Microsoft Defender for Office 365 (Plan 1) is a comprehensive security solution designed to protect Microsoft 365 environments. It includes essential features such as robust anti-phishing protection to safeguard against malicious emails and phishing attempts. Plan 1 also offers anti-spam filtering to keep inboxes clean from unwanted messages, enhancing productivity and reducing the risk of phishing attacks.
 
Features of Microsoft Defender for Office 365 (Plan 1):
 
1. Protection Against Phishing:
Anti-Phishing: Helps protect users from phishing attacks, including those targeting corporate identities and credentials. It uses machine learning models and spoof intelligence to detect and block suspicious emails.
Spoof Intelligence: Identifies and blocks emails from unauthorized senders pretending to be trusted organizations or individuals (email spoofing).
Safe Links: Scans URLs in email messages to ensure they are safe before a user clicks on them.
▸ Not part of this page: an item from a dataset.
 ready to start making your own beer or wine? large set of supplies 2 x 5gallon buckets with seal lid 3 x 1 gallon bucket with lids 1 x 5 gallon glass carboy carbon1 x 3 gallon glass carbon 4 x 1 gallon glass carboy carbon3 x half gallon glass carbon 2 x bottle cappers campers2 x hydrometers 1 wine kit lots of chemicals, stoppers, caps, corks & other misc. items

If a link leads to a malicious site, users are blocked from opening it.
2. Protection Against Malware and Ransomware:
Anti-Malware: Detects and blocks malicious attachments, such as viruses, worms, and trojans, before they reach the user’s inbox. Includes real-time protection using signature-based detection.
Safe Attachments: Analyzes email attachments in a sandbox environment before they are delivered to the user. If an attachment is determined to be malicious, it is blocked or removed.
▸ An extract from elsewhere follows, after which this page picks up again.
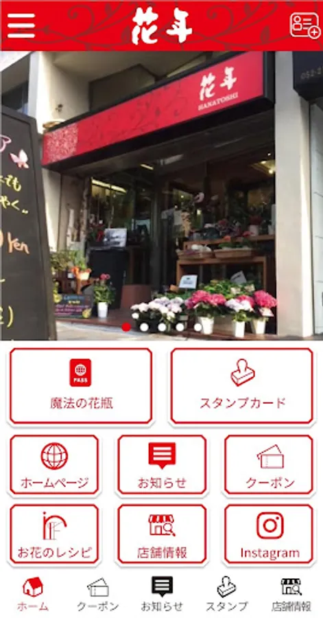 スタンプ5個貯まるとバラの花 1本 or 切花300円分 プレゼント!

Ransomware Detection: Identifies suspicious email patterns commonly associated with ransomware and alerts administrators to potential threats.
3. Threat Intelligence and Reporting:
Threat Intelligence: Provides insights into global and local threats targeting users. Administrators can access detailed reports about the most current and emerging threats targeting the organization.
Security Dashboards: Offers visual reports and dashboards that give admins insights into the effectiveness of the protection, including threat activity and blocked malicious emails.
4. Anti-Business Email Compromise (BEC) Protection:
Anti-BEC Protection: Protects against Business Email Compromise (BEC) attacks by identifying impersonation attempts and spoofing. Uses machine learning to detect anomalous behavior and high-risk patterns.
Impersonation Protection: Helps prevent attackers from impersonating trusted users, such as high-ranking executives, and sending malicious emails to employees within the organization.
5. Quarantine and Review:
Quarantine: Suspicious emails or attachments are placed in quarantine, allowing administrators or users to review them before taking further action (e.g., release or delete).
User-Level Quarantine: Users can manage their own quarantined emails, such as reviewing and releasing emails that are mistakenly flagged as malicious.
6. Integrated with Microsoft 365 Security Center:
Centralized Management: Defender for Office 365 (Plan 1) integrates with the Microsoft 365 Security Center, allowing administrators to manage email security, review alerts, and configure policies from a single location.
Policy and Rule Management: Admins can configure security policies and rules that control how emails are handled, including setting up custom filters to block specific types of content.
7. Automated Investigation and Response (AIR):
Automated Investigation: Automatically investigates suspicious email messages and attachments to determine if they pose a threat. It reduces the manual effort required to detect and respond to incidents.
Automated Response: Once a threat is confirmed, the system can automatically take action, such as removing or quarantining malicious emails from the inbox or blocking the malicious sender.
8. Customizable Policies:
Phishing Protection Policies: Admins can configure phishing protection rules that apply to different types of emails or user groups. This helps tailor protection to the specific needs of the organization.
Safe Links and Safe Attachments Policies: Policies can be customized to specify how email links and attachments are handled, such as whether they should be blocked or replaced with a warning message.
9. Reporting and Alerts:
Real-Time Alerts: Provides immediate notifications to administrators when a security threat is detected, such as a phishing attack, malware outbreak, or impersonation attempt.
Detailed Threat Reports: Includes detailed reports on threats that were blocked or flagged, including the type of threat and the action taken (e.g., quarantining the email or blocking a URL).
Advanced Query and Search Capabilities: Admins can use advanced search capabilities to query and investigate email threats, including filtering by threat type or date range.
10. Email Traffic Insights:
Sender and Recipient Analysis: Gives insights into email traffic, including information about high-risk senders and the types of threats targeting the organization. Helps identify and mitigate threats more effectively.
Mail Flow and Threat Analytics: Offers analytics on mail flow and incoming/outgoing messages, helping admins understand email patterns and identify any abnormalities that could indicate a threat.